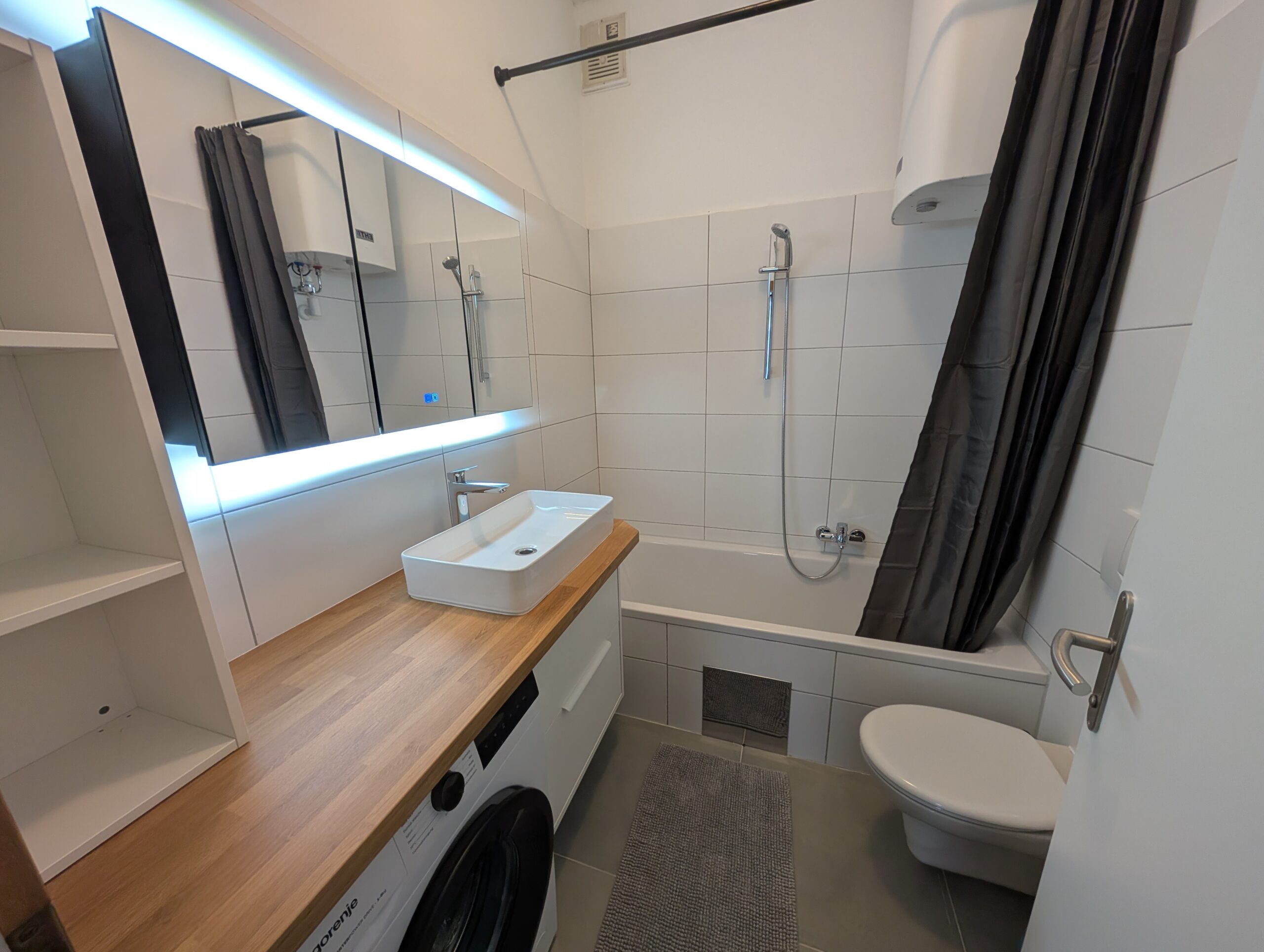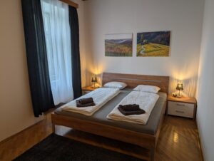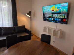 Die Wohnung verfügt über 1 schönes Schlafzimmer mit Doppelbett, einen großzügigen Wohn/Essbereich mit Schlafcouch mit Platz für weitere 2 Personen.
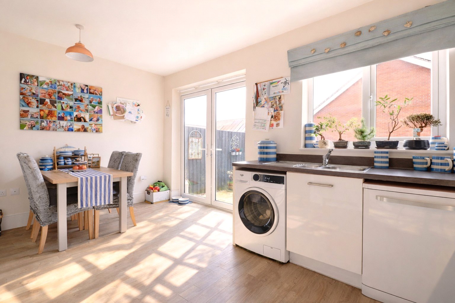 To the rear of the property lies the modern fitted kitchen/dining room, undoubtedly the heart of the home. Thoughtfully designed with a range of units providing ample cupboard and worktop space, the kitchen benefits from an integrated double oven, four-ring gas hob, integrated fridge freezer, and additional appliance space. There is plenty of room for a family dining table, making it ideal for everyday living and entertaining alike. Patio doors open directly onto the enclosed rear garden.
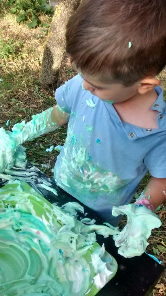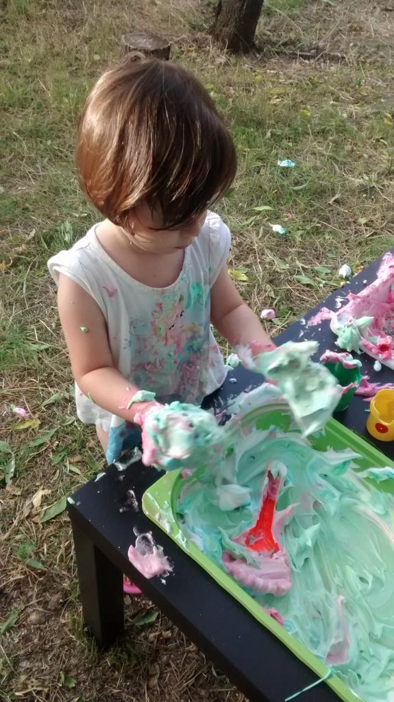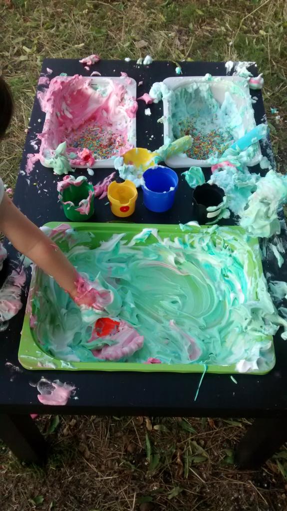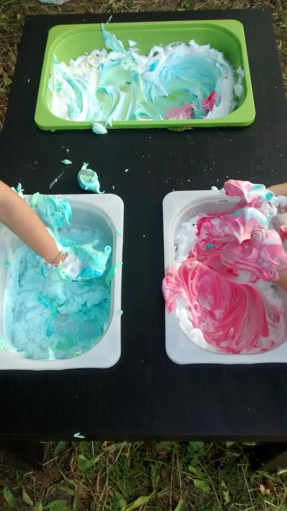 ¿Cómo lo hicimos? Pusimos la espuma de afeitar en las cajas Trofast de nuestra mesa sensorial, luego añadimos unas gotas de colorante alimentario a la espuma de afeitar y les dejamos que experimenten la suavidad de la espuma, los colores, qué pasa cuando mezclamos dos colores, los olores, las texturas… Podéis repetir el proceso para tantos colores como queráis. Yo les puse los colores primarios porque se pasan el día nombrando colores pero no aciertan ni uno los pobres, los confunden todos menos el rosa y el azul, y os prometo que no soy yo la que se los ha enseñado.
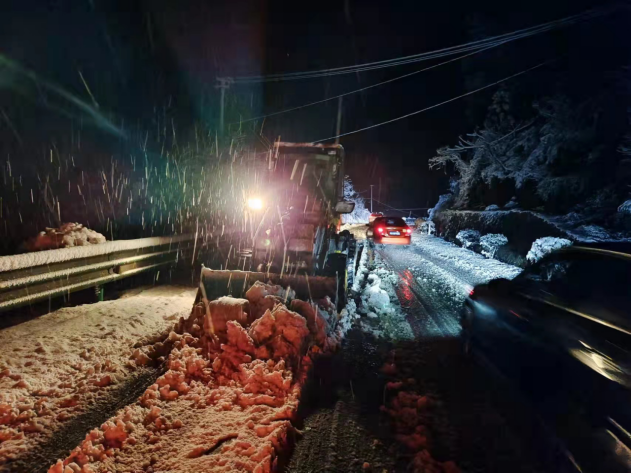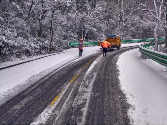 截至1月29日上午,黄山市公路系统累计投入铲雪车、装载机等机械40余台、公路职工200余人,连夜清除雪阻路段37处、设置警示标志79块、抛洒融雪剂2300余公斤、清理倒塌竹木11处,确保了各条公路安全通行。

* * *

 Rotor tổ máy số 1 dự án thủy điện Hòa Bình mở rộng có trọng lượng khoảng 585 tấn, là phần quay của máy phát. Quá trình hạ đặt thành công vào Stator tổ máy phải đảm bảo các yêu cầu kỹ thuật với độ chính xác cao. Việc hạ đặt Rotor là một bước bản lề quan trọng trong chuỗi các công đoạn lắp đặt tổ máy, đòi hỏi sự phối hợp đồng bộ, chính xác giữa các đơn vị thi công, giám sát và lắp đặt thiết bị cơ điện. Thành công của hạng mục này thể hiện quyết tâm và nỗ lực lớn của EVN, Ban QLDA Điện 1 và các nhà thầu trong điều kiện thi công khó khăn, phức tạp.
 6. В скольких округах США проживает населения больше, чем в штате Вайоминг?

▶ What this task involves
Reproduce the records above exactly, but only from the line with "Die Wohnung verfügt" up to and including the line with "To the rear". Leave the pictures out.

▶ Answer to the problem
 Die Wohnung verfügt über 1 schönes Schlafzimmer mit Doppelbett, einen großzügigen Wohn/Essbereich mit Schlafcouch mit Platz für weitere 2 Personen.
 To the rear of the property lies the modern fitted kitchen/dining room, undoubtedly the heart of the home. Thoughtfully designed with a range of units providing ample cupboard and worktop space, the kitchen benefits from an integrated double oven, four-ring gas hob, integrated fridge freezer, and additional appliance space. There is plenty of room for a family dining table, making it ideal for everyday living and entertaining alike. Patio doors open directly onto the enclosed rear garden.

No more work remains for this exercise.